** Available data **
::::::

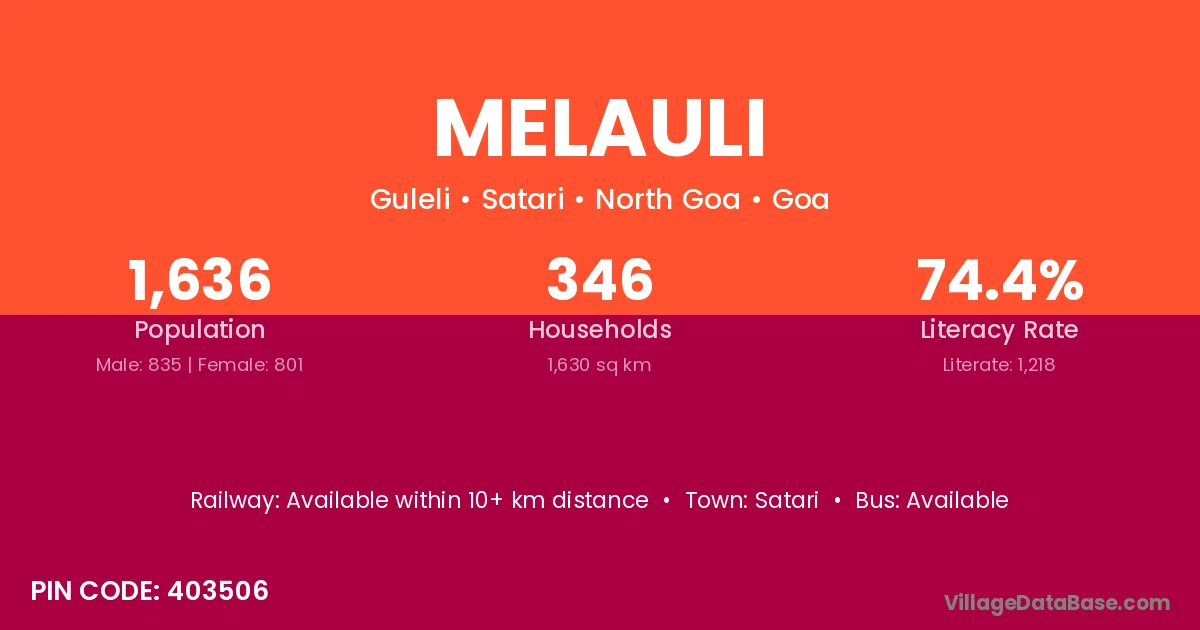 Melauli village has a total population of 1,636 people, of which 835 are males and 801 are females.
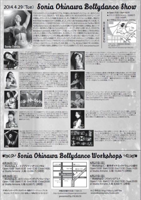 SONIA OCHOA IN OKINAWA SHOW! 2014ǯ4·î29Æü¡Ê²Ð¡Ë@ ¹ñΩ·à¾ì¤ª¤¤Ê¤ï http://www.nt-okinawa.or.jp/index.php?option=com_content&task=view&id=36&Itemid=42 ³«¾ì – 17:30 ³«±é – 18:30 ¥Á¥±¥Ã¥È¡§(Á°Çä¤ê) 4,500 – 5,500 ±ß (ÅöÆü) +500±ß °ìÉô¤ò½ü¤¡¢»ØÄêÀʤȤʤäƤª¤ê¤Þ¤¹¡£ Îɤ¤¤ªÀʤϡ¢¤ªÁá¤á¤Ë¤ªÇ㤤µá¤á¤¯¤À¤µ¤¤¡ª ¥¹¥Ú¥·¥ã¥ë¥²¥¹¥È¥À¥ó¥µ¡¼¡§Shaw Anze, Mika, Leo, Moon Roses, Sugako Ishikawa, ΰµåBellyDance Priscilla, Tazuko, Delyce, Tomoka (MaccuPiccu Bellydance Club), Pearl
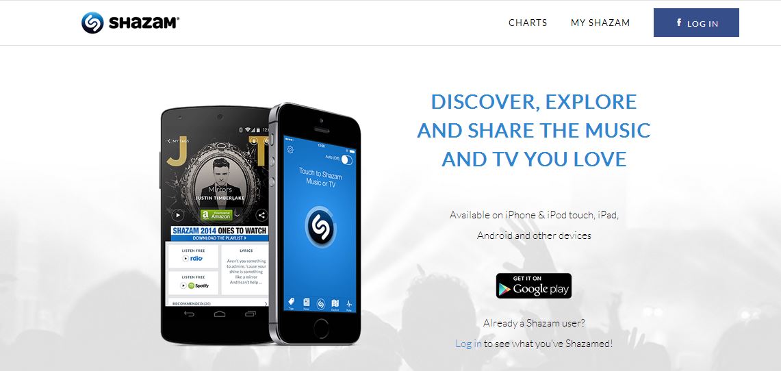 Приложение Shazam позволяет идентифицировать трек, который звучит на радио, ТВ или в общественных местах. Для звукозаписывающих компаний это важный маркетинговый партнер: при помощи Shazam пользователи делятся аудиороликами в соцсетях, переходят в магазин iTunes Store или стриминговые сервисы вроде Spotify.

::::::

Leaving every picture out, output the data exactly as it stands.

** Output of the task **
 Melauli village has a total population of 1,636 people, of which 835 are males and 801 are females.
 SONIA OCHOA IN OKINAWA SHOW! 2014ǯ4·î29Æü¡Ê²Ð¡Ë@ ¹ñΩ·à¾ì¤ª¤¤Ê¤ï http://www.nt-okinawa.or.jp/index.php?option=com_content&task=view&id=36&Itemid=42 ³«¾ì – 17:30 ³«±é – 18:30 ¥Á¥±¥Ã¥È¡§(Á°Çä¤ê) 4,500 – 5,500 ±ß (ÅöÆü) +500±ß °ìÉô¤ò½ü¤¡¢»ØÄêÀʤȤʤäƤª¤ê¤Þ¤¹¡£ Îɤ¤¤ªÀʤϡ¢¤ªÁá¤á¤Ë¤ªÇ㤤µá¤á¤¯¤À¤µ¤¤¡ª ¥¹¥Ú¥·¥ã¥ë¥²¥¹¥È¥À¥ó¥µ¡¼¡§Shaw Anze, Mika, Leo, Moon Roses, Sugako Ishikawa, ΰµåBellyDance Priscilla, Tazuko, Delyce, Tomoka (MaccuPiccu Bellydance Club), Pearl
 Приложение Shazam позволяет идентифицировать трек, который звучит на радио, ТВ или в общественных местах. Для звукозаписывающих компаний это важный маркетинговый партнер: при помощи Shazam пользователи делятся аудиороликами в соцсетях, переходят в магазин iTunes Store или стриминговые сервисы вроде Spotify.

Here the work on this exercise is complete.